I was lying in bed in Hackney when I found out. Another attack, this time at London Bridge. Then I heard the sirens going past; emergency services heading there from all over town. I scrolled and scrolled through the news on my phone. Compulsive scrolling, more more more, what have they done, who have they killed, where are they going. I turned on BBC Radio Five Live where eye-witnesses were talking about something that was - hang on, it was still going on. Now they were killing people at Borough. Running into a Mexican restaurant and stabbing the first woman they saw, sitting near the door. (And I thought to myself, because this is what brains do, they try to tell you how somehow you would have been able to save yourself in a way that other desperate people had not managed to save themselves - like you could still win a superiority contest against the dead - I thought to myself, well I knew there was a reason I always refuse the seat beside the door.)

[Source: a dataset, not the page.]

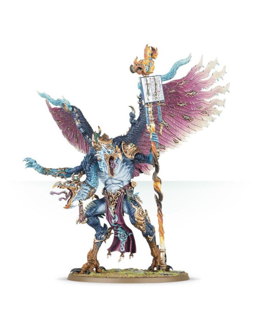 Esta completísima caja es ideal para empezar o ampliar una colección de Discípulos de Tzeentch y anegar los Reinos Mortales de Warhammer Age of Sigmar con su enloquecedora energía mágica, y todo ello de forma más económica que comprando los kits por separado. La fuerza está liderada por Kairos Tejedestinos, el Oráculo de Tzeentch, un enorme gran daemon que puede vislumbrar tanto el pasado como el futuro y que dirige sus tropas con el apoyo de un Incinerador Glorioso de Tzeentch y un Heraldo de Tzeentch en Carro Flamígero. El grueso de la fuerza está formado por Horrores Rosa, Horrores Azules y Horrores de Azufre, que inundan el campo de batalla para tomar y mantener objetivos vitales. Los Incineradores de Tzeentch añaden más potencia a tu ejército, y los Aulladores de Tzeentch aportan su veloz capacidad de respuesta.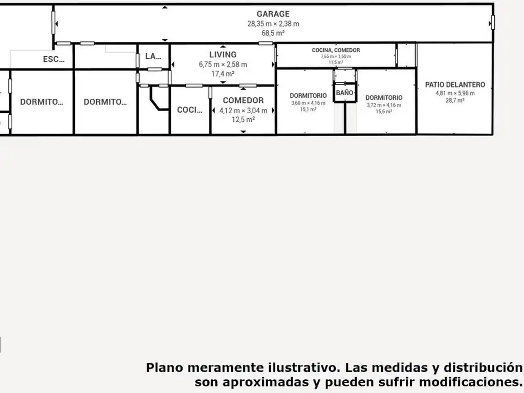 Dormitorio, cocina, baño completo y lavadero.

The sirens kept going, ever more police vans driving through East London to get to the river, while my other ear was filled with the doof doof acid of Aphex Twin, who was headlining the music festival Field Day in the park beside my house, and my heart, meanwhile, was listening to the sound of the five-year-old girl wrapped around me in bed, gently snoring. It was midnight. The perpetrators of the attack in London Bridge were already dead but I did not know that yet. The news was unclear. The streets near me began to fill up with drunk happy people leaving the festival. I was none of the above. I went on Facebook and said I was scared.
And everyone else went, ach I’m not frightened, these things won’t affect you, don’t let the terrorists win, they want you to be afraid, they can’t touch us, hardly anyone ever gets killed, think of the Blitz spirit ffs, think of the IRA, there’ll always be something to worry about. People made clear that it would be letting the side down if we admitted to something as silly as fear. It would be irrational. We are English. More people die in car crashes! The media just hype up the terrorism angle you know! It will never happen to you!

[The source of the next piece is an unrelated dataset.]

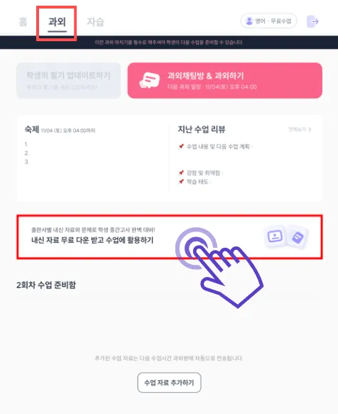 국어의 경우, 학교 교과서의 내용과 선생님의 필기, 선생님이 나누어준 유인물에서 대부분 나온다고 해도 과언이 아닙니다. 따라서 수업을 시작하기 전 학교 교과서의 선생님의 필기와 유인물 이미지를 학생에게 요청하여 수업에 활용해 주세요.

Apart from one friend who didn’t say all that. He said he had spent a strange couple of days, before they identified Martyn Hett’s body at Manchester Arena, contacting ambulance and police services to ask, “Have you seen my friend Martyn who was last seen at the Ariana Grande concert and has a tattoo of Deirdre Barlow on his leg?”
At 3am I fell asleep.
The next day I looked at Twitter and people were taking the piss out of the New York Times saying that LONDON IS REELING - my friends were going haha, we’re English mate, we don’t reel, we’re off to the park tomorrow, we’re off to the cinema. And the next day I also went to the park and to the cinema, because it was the last day of half-term before school started again, and my kid needed entertaining, so we got a bus across London, and we did whatever it is that people do. We watched a film called The Boss Baby in which babies come from a big firm called Babycorp and drink special formula milk, babies are a mode of capitalist production, babies are deathless, breasts are milkless, puppies are evil, life is forgettable. There were also a few slapstick jokes about bums. The kid liked it, especially the slapstick jokes about bums. It was her second viewing of The Boss Baby. All of her friends have been to see The Boss Baby; it’s what they talk about in school. She ate sweet delicious popcorn and I ate a hot dog that tasted as if it was made of plastic and babies and bombs.
Last night, more sirens. Sometimes they’re so loud I wonder if she is going to wake up. She never wakes up. On the TV news, a woman who tended to a French victim on the bridge and spoke to her in French. Apparently the woman kept asking, in French, where her boyfriend was. Again and again.
This morning, more sirens. While typing these first paragraphs I have heard four separate sirens going through Hackney. I wonder if I notice them more now or if it has always been like this.
We walked to school this morning, hand in hand. On the way I saw a very dear friend and their child going in the wrong direction, and I said er where are you going, and my friend’s face was a bit bleak and there was a muttering of “I’ll text you,” and it later transpired their kid was more upset about the attacks than they had realised, and needed to be kept away from the playground chatter and the school talks about it. And then I spoke to another parent from our school, who had been wrestling with her conscience and decided to tell her little boy herself so he didn’t hear it from others, didn’t hear it wrong, which is what we all want to do. And the only problem with our great idea here is that, how the fuck do you tell it right? How do you go, look, the thing is, there are these murders in these random attacks and yes Saudi Arabia and arms deals and foreign policy and the War on Terror and British intervention in the Middle East and - sorry, you’re five, back to the big noisy bombs killing kids at pop concerts, sorry what.
I have read the BBC Newsround guidelines for how to talk to children about this and they say that you have to stress that these attacks are rare, and that the news only focuses on them because of their rarity.
I am wondering if the guidelines need updating.
I just stopped writing this for half an hour to send some emails and the sirens seem to have stopped. Soon they will start again. There isn’t a punchline to this story, I have no political point to make. I just wanted to write this to send a massive enormous hug of love out to anybody else who is reading this and quietly thinking, actually, yes I am reeling. Actually, I am scared. Actually, I have been feeling fucking terrified.